Mean time from brain radiation therapy to diagnosis of SMART syndrome was 10 years (range, 1-35).5

SMART syndrome is characterised by subacute onset of neurological symptoms (aphasia, hemianopsia or complete vision loss, hemiparesis, hemiparaesthesia, hearing loss), seizures, migraine-like headache, and encephalopathy of varying severity, ranging from mild psychomotor retardation to severely impaired consciousness.10 In the largest series published to date,5 the most frequent symptoms were neurological deficits and headache. SMART syndrome completely resolved in most cases, but some patients were left with sequelae or even experienced relapses. The course of the syndrome seems to be relapsing-remitting.

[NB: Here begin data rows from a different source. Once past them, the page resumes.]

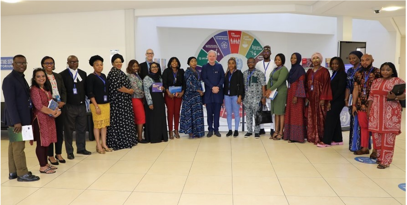
A group photograph of participants and the UN Country Team.

As part of its commitment to supporting peaceful, credible, free and fair general elections in Nigeria, the United Nations convened a meeting to listen to and discuss civil society perspectives on the ongoing general election process.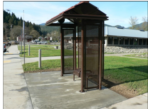
Transit shelter, Happy Camp, Ca

As a member of CalACT, Tribes have access to the CalACT/MBTA Purchasing Cooperative. This Cooperative provides a Federal and California State compliant purchasing solution that allows you to select, not settle for, the vehicle or transit shelters that best meets your transit needs. The Karuk Tribe was able to purchase high quality bus shelters, at a very competitive price point through the Cooperative. The shelters were assembled and installed by Karuk Tribal DOT Maintenance staff and these new shelters are a welcomed addition to the Karuk Tribal communities.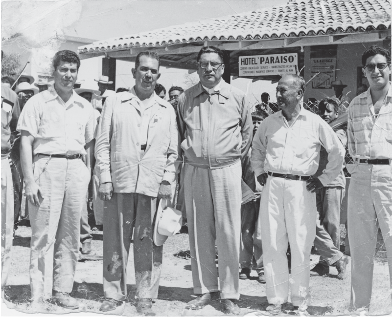
Figure 4. Photograph of President Lázaro Cárdenas and companions in front of the old Hotel Paraíso, La Paz, 1940. Cárdenas was president of Mexico from 1934 to 1940.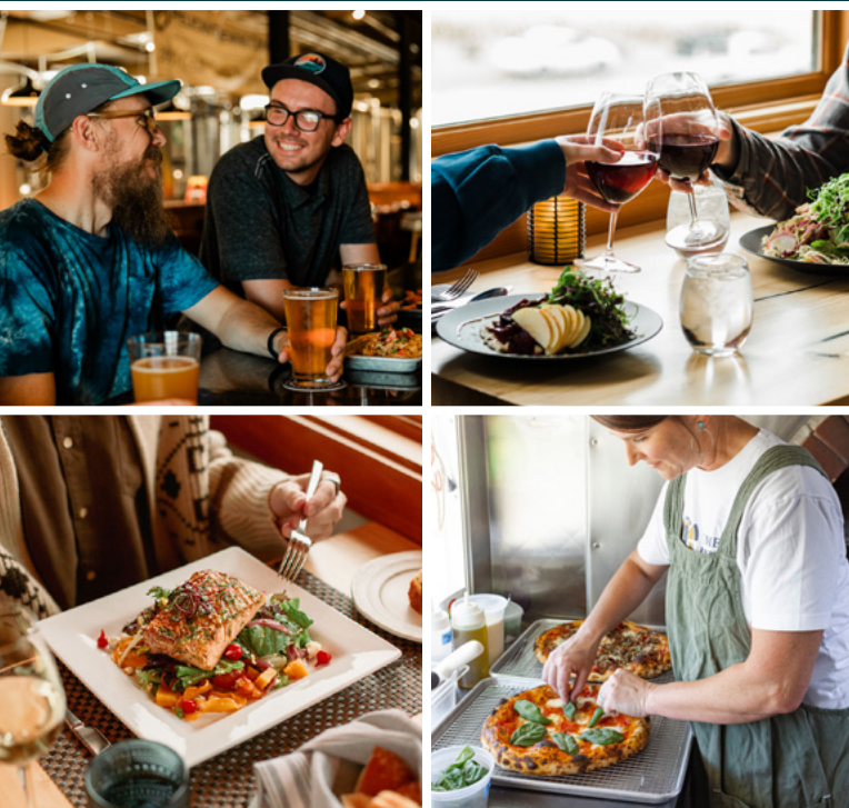
Pictured above: Pelican Brewing Company, Meridian Restaurant & Bar, and Fornax Pizza

FRESH SEAFOOD ARTISAN CHEESE CRAFT BREWS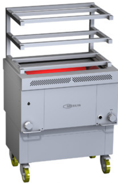
with Robata system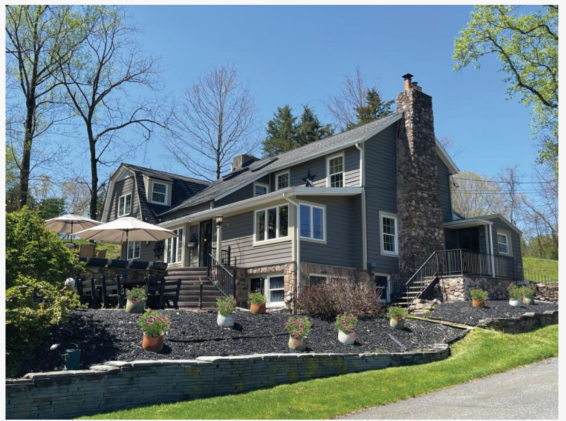
3 Bedroom Country Home

Prospective buyers are invited to attend the property previews on Wednesday, May 22nd, and Saturday, June 1st, from 12-2 PM. This is an excellent opportunity to explore the property firsthand and envision the possibilities it holds. To access the Property Information Package and online bidding instructions, please visit www.maxspann.com . Bidders can participate in the auction through their computers or by using the Max Spann phone app.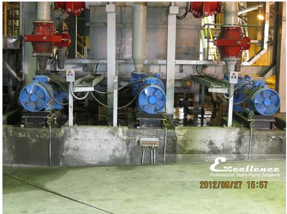
EHR-3C Copper-molybdenum Plant In Mid-East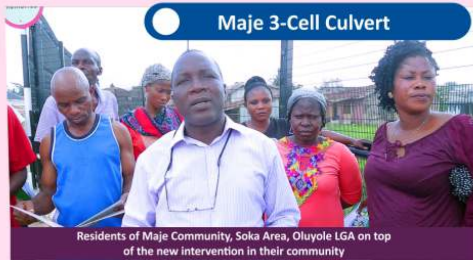
Residents of Maje Community, Soka Area, Oluyole LGA on top of the new intervention in their community

B efore the construction of this culvert, we faced a lot of problems in this area, like loss of many lives. Whenever it rained, many who worked or were doing business outside this area had to stay back. I can say that we lost between 8 and 10 persons to flooding here. It was a small and very low culvert we had here, which got easily flooded and overtopped. But we thank the Oyo State Government for remembering us. The quality of the job done here is excellent! It is a perfectly good job. And we were well carried along in the process of executing the job. We attended quite a number of workshops, during which they educated us on the work processes, communal leadership, etc. As a community, we are committed to maintaining the works, like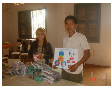
Fig.2 (Received TB, TP, Flipchart &

DentalModel By Teachers at Koma Mekong PS )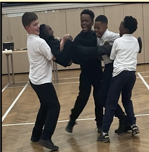
Year 5 Dance lesson for PE!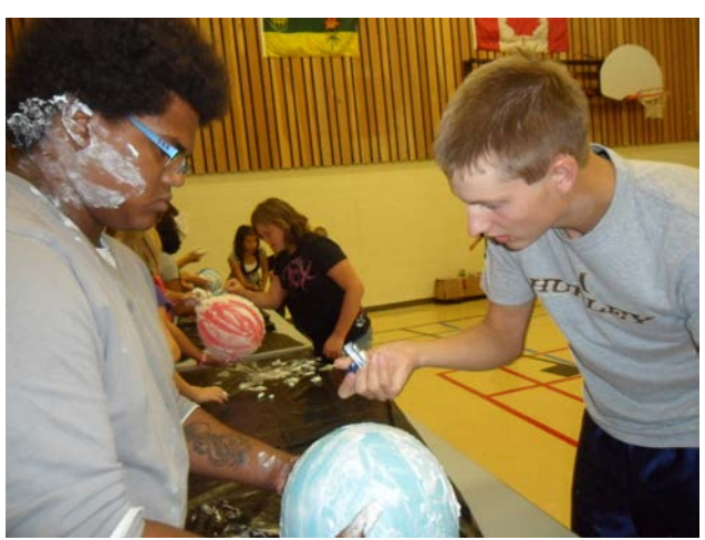
Senior students shaving in SRC activities

Pangman School Mission Statement To foster a collaborative environment in which individuals are challenged to achieve success. We value academic, physical, social and emotional development through independent thought and responsible action.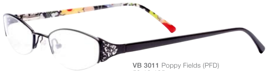
VB 3011 Poppy Fields (PFD) 50-18-135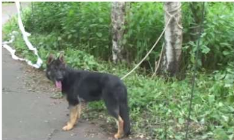
Social behavior - handler out of sight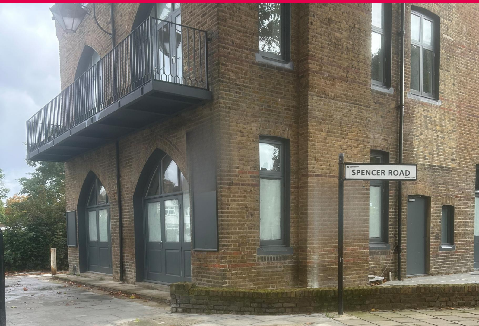
Station House, 2 Grove Park Road, Chiswick, London W4 3SG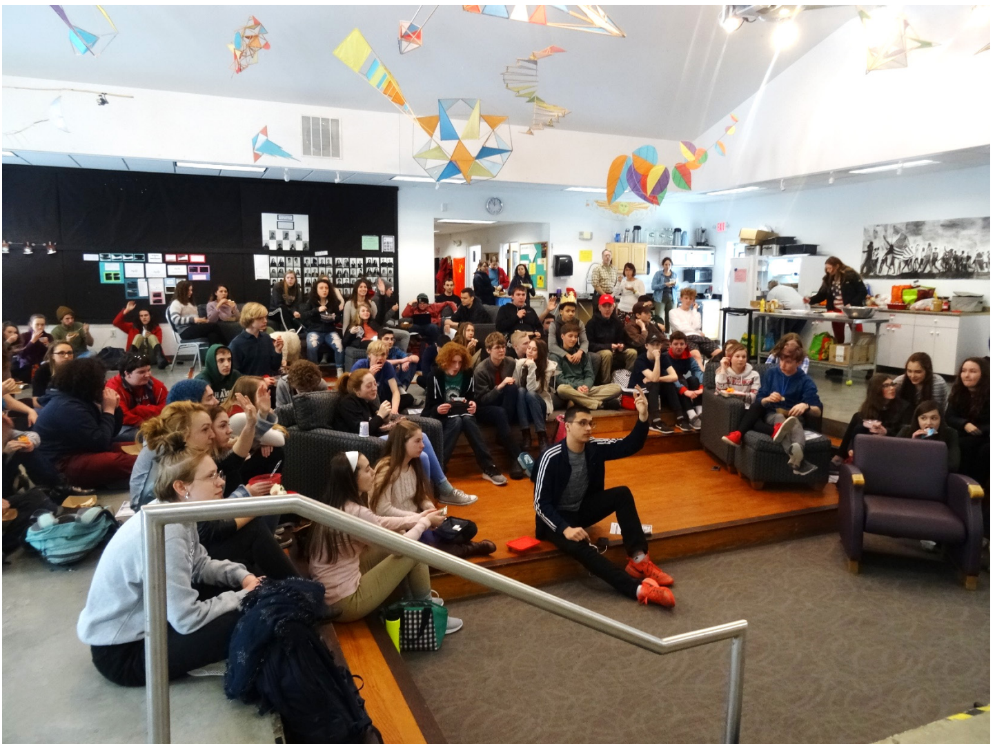
Sharon Academy High School students shared their ideas for the future.

MRI typically shows unilateral cortical hyperintensities on T2-weighted and FLAIR sequences, with gyriform enhancement, predominantly in the temporal, parietal, and occipital lobes. Diagnosis of SMART syndrome is clinical and radiological and must be based on a compatible medical history. In 2015, Zheng et al.10 reviewed the criteria established by Black et al.11 and proposed a new set of diagnostic criteria (Table 1). Alternative diagnoses include brain radiation necrosis. Although brain radiation necrosis may occur at any time, it has been reported to present at 10 to 16 months post-treatment in several series.11–15 Although no pathognomonic radiological signs of brain radiation necrosis have been described, MRI typically reveals necrotic lesions, usually with surrounding oedema and mass effect. These findings are described as having a “Swiss cheese” or “soap bubble” appearance.13,16,17 No targeted treatment is available; management of these patients focuses on symptom control. While corticosteroids may improve neurological deficits, their use continues to be controversial.7,11,18–21

SMART syndrome should be considered in all patients with history of radiation therapy who present neurological deficits and parieto-occipital MRI alterations.